**WHAT THIS TASK INVOLVES**
Copy each line below exactly and leave the pictures out.

**SUPPLIED INFORMATION**
==*==

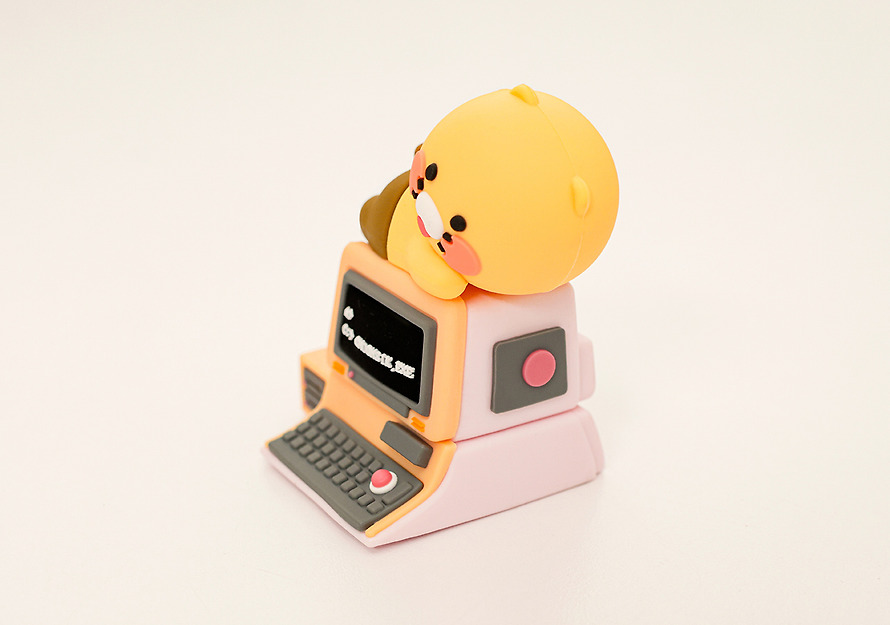 Next to the computer, a cute presence
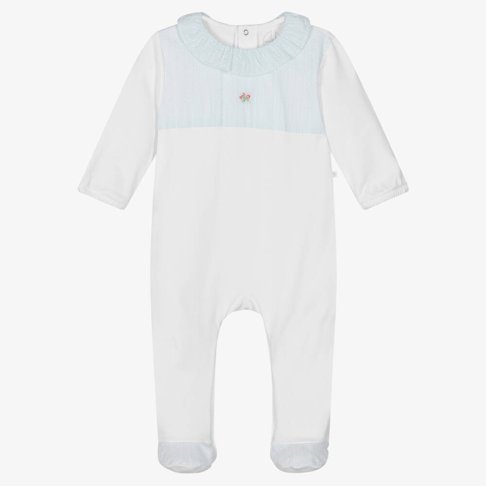 White cotton babygrow for girls by Laranjinha, made in soft and comfortable jersey. It has a lovely aqua blue seersucker panel on the front with a sweet embroidered floral motif and a matching ruffle collar and feet. The cuffs are gently elasticated and the babysuit fastens with poppers on the back and between the legs.
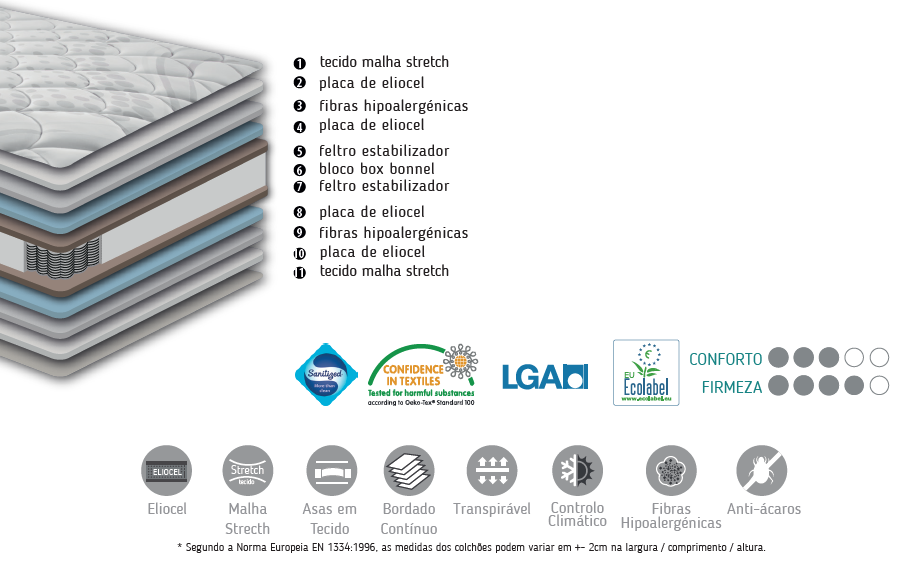 Bloco formado por molas de aço, cujo perímetro da estrutura é completamen-te revestido por um perifé-rico de eliocell de alta densidade, criando uma superfície total de descan-so e firmeza.
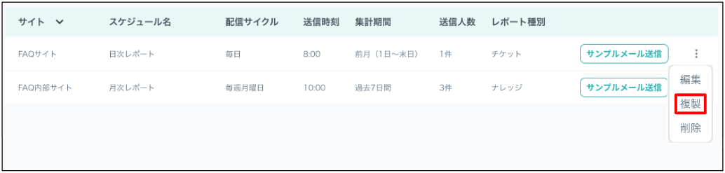 スケジュール配信一覧右側の3点リーダーから「複製」を選択することでスケジュール配信の複製が行えます。
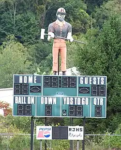 The scoreboard at Dean Memorial Field is topped with a statue of a lumberjack, the school's mascot.
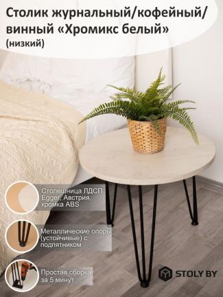 Столик кофейный "Марсель" СтК-1.2.Мс Хромикс белый/черная опора 500х740
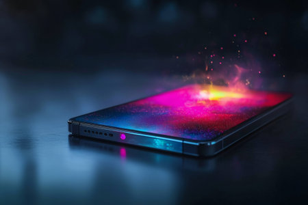 A sleek smartphone rests on a dark surface, emitting vibrant colors and ethereal sparks. The glowing display radiates hues of pink and blue, creating a captivating visual effect.
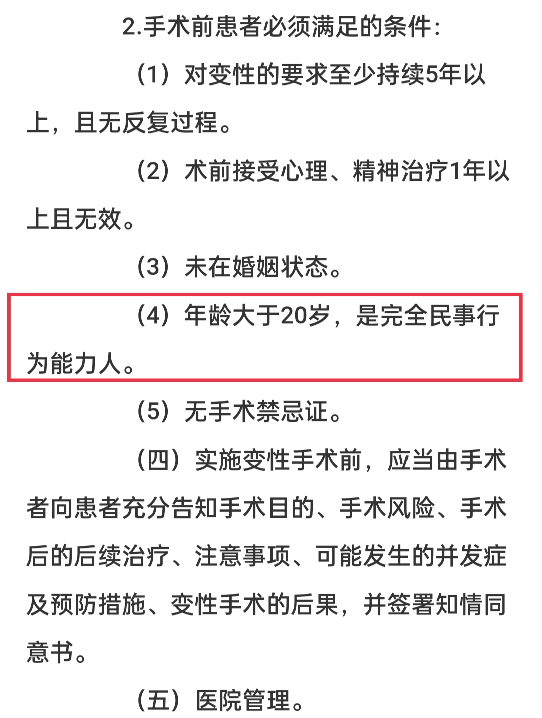 但是国家卫生部明文规定,变性手术前患者必须满足的条件包括:年龄大于20岁。
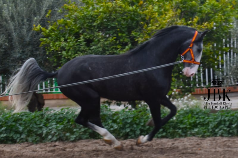 Sueño wurde 2022 geboren. Er ist in den Grundgangarten sehr gut geritten, und zeigt viel Talent für höhere Aufgaben. Sein Charakter ist absolut ehrlich. Er hat ein sehr gutes Nervenkostüm. So leicht erschüttert ihn nichts. Nach der Arbeit im Viereck geht er so auch mit seinem Reiter relaxt ums Eck. Sueño entstammt sehr guten Blutlinien und ist ein rein gezogener Lusitano.

==*==

**SOLUTION TO THE EXERCISE**
 Next to the computer, a cute presence
 White cotton babygrow for girls by Laranjinha, made in soft and comfortable jersey. It has a lovely aqua blue seersucker panel on the front with a sweet embroidered floral motif and a matching ruffle collar and feet. The cuffs are gently elasticated and the babysuit fastens with poppers on the back and between the legs.
 Bloco formado por molas de aço, cujo perímetro da estrutura é completamen-te revestido por um perifé-rico de eliocell de alta densidade, criando uma superfície total de descan-so e firmeza.
 スケジュール配信一覧右側の3点リーダーから「複製」を選択することでスケジュール配信の複製が行えます。
 The scoreboard at Dean Memorial Field is topped with a statue of a lumberjack, the school's mascot.
 Столик кофейный "Марсель" СтК-1.2.Мс Хромикс белый/черная опора 500х740
 A sleek smartphone rests on a dark surface, emitting vibrant colors and ethereal sparks. The glowing display radiates hues of pink and blue, creating a captivating visual effect.
 但是国家卫生部明文规定,变性手术前患者必须满足的条件包括:年龄大于20岁。
 Sueño wurde 2022 geboren. Er ist in den Grundgangarten sehr gut geritten, und zeigt viel Talent für höhere Aufgaben. Sein Charakter ist absolut ehrlich. Er hat ein sehr gutes Nervenkostüm. So leicht erschüttert ihn nichts. Nach der Arbeit im Viereck geht er so auch mit seinem Reiter relaxt ums Eck. Sueño entstammt sehr guten Blutlinien und ist ein rein gezogener Lusitano.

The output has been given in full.